Task objective >>
Transcribe, verbatim, every line from the start of the entries through the line that contains "Pevná konštrukcia z"; include both boundary lines and omit all others.

Supplied material >>
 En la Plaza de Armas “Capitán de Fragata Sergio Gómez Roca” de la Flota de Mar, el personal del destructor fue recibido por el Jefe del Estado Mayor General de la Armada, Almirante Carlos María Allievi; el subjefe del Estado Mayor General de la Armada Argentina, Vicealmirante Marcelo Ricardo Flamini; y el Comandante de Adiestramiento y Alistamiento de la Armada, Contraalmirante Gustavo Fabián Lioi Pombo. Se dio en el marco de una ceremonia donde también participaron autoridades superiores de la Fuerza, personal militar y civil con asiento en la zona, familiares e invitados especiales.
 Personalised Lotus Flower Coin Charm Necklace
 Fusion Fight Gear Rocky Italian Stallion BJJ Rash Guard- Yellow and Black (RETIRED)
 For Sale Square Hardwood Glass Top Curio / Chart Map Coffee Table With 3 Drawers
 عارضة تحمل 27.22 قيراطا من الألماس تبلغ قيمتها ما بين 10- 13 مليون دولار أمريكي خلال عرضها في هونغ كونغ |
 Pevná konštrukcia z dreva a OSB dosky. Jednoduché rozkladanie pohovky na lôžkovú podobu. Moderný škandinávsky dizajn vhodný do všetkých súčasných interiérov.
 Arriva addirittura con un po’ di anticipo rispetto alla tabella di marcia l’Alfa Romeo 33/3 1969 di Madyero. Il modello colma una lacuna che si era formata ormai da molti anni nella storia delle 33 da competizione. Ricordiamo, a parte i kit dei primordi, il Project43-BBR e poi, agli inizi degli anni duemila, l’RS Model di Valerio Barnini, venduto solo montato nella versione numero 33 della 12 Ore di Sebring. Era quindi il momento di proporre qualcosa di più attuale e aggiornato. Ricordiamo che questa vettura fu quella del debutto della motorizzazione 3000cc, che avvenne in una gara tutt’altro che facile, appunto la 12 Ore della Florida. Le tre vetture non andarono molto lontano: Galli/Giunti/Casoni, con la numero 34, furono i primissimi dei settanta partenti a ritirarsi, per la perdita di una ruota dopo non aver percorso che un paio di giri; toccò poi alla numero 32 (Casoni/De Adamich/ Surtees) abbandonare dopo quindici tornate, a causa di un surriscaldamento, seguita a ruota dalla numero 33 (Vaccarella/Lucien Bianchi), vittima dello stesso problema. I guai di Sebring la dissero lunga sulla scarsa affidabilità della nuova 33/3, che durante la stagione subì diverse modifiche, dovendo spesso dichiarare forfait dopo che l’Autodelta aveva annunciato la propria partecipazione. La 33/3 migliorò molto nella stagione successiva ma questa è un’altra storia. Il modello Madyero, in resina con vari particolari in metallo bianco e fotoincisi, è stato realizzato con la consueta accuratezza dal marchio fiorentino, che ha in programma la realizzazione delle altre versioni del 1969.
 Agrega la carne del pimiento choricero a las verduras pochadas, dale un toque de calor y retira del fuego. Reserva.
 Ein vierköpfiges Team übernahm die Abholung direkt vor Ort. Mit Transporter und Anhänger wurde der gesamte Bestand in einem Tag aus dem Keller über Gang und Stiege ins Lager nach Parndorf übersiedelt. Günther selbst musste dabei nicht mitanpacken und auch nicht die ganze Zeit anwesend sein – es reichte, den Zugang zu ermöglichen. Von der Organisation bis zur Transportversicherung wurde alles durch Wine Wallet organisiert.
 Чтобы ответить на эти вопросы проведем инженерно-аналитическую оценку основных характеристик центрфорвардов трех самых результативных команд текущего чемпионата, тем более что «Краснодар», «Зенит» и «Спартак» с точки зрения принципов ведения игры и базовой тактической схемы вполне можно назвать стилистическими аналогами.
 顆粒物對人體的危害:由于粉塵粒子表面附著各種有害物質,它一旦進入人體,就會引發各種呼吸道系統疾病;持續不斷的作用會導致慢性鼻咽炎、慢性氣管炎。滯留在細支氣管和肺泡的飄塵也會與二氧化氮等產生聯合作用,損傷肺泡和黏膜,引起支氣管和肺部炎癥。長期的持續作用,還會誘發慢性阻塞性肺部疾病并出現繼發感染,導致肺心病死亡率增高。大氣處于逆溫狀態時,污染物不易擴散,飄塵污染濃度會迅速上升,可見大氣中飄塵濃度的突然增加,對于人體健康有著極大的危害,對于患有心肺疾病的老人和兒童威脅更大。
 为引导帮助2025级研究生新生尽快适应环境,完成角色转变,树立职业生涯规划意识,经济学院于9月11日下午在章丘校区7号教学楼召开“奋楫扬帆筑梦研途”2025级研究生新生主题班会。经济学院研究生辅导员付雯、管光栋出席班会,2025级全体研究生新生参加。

Exercise answer >>
 En la Plaza de Armas “Capitán de Fragata Sergio Gómez Roca” de la Flota de Mar, el personal del destructor fue recibido por el Jefe del Estado Mayor General de la Armada, Almirante Carlos María Allievi; el subjefe del Estado Mayor General de la Armada Argentina, Vicealmirante Marcelo Ricardo Flamini; y el Comandante de Adiestramiento y Alistamiento de la Armada, Contraalmirante Gustavo Fabián Lioi Pombo. Se dio en el marco de una ceremonia donde también participaron autoridades superiores de la Fuerza, personal militar y civil con asiento en la zona, familiares e invitados especiales.
 Personalised Lotus Flower Coin Charm Necklace
 Fusion Fight Gear Rocky Italian Stallion BJJ Rash Guard- Yellow and Black (RETIRED)
 For Sale Square Hardwood Glass Top Curio / Chart Map Coffee Table With 3 Drawers
 عارضة تحمل 27.22 قيراطا من الألماس تبلغ قيمتها ما بين 10- 13 مليون دولار أمريكي خلال عرضها في هونغ كونغ |
 Pevná konštrukcia z dreva a OSB dosky. Jednoduché rozkladanie pohovky na lôžkovú podobu. Moderný škandinávsky dizajn vhodný do všetkých súčasných interiérov.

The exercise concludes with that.